I can only assume you meant to say
char *a = &argv[1][1]. Btw, const-correctness would be nice too, soconst char *a = &argv[1][1].Btw, your code is still very unsafe - you don't even check the size of the string. Imagine what
&argv[1][3]does if your string only has two characters.#include它应该变得显而易见。详细说明:您将一个整数传递给需要指针的函数,并且编译器无法警告您,因为您忘记使用原型声明该函数。这就是事故发生的原因。
此外,您只是误用了
atoi。atoi解析字符串,而不是单个字符。如果您希望字符的值为数字,只需减去'0':实际上,您还应该检查该字符实际上是否是数字。
编辑:我不记得原始帖子中存在
char *a = argv[1][1];(也许早期的编辑不会显示为编辑? ),但任何理智的编译器都应该在该行给出编译时错误。在 C 中,整数不会隐式转换为指针。如果编译器确实允许这种情况发生,那么包含 atoi 的原型将不再有帮助,因为之前发生了类型错误。#include <stdlib.h>and it should become apparent.To elaborate: you're passing an integer to a function which expects a pointer, and the compiler could not warn you because you forgot to declare the function with a prototype. This is the cause of the crash.

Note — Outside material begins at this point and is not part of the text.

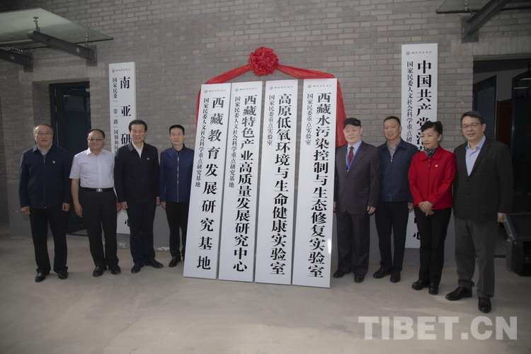 研討會開幕式之前,與會領(lǐng)導為西藏教育發(fā)展研究基地、西藏特色產(chǎn)業(yè)高質(zhì)量發(fā)展研究中心、高原低氧環(huán)境與生命健康實驗室、西藏水污染控制與生態(tài)修復(fù)實驗室同時掛牌揭幕。大會主旨發(fā)言之后,西藏民族大學黨委常委、副校長史本林、西藏駐格爾木辦事處(藏青工業(yè)園區(qū))黨委書記邱川共同簽訂雙方合作框架協(xié)議,旨在加強科研交流合作,共同為西藏社會高質(zhì)量發(fā)展做出貢獻。

Moreover, you're simply misusing
atoi. Theatoiparses strings, not individual characters. If you want the value of a character as a digit, simply subtract'0':In practice you should also check that the character is actually a digit.
Edit: I don't recall
char *a = argv[1][1];being in the original post (maybe early edits don't show up as edits?), but any sane compiler should give a compile-time error on that line. Integers do not implicitly convert to pointers in C. If the compiler does let this get by, then including a prototype foratoiwill no longer help, since the type error occurred earlier.atoi 接受一个字符串,而不是一个字符。
另外,atoi 总体来说也不好,因为它基本上没有错误报告。大多数情况下您应该调查 strtol。
atoi takes a string, not a character.
Also, atoi is not good in general as it has basically no error reporting. You should investigate strtol for most cases.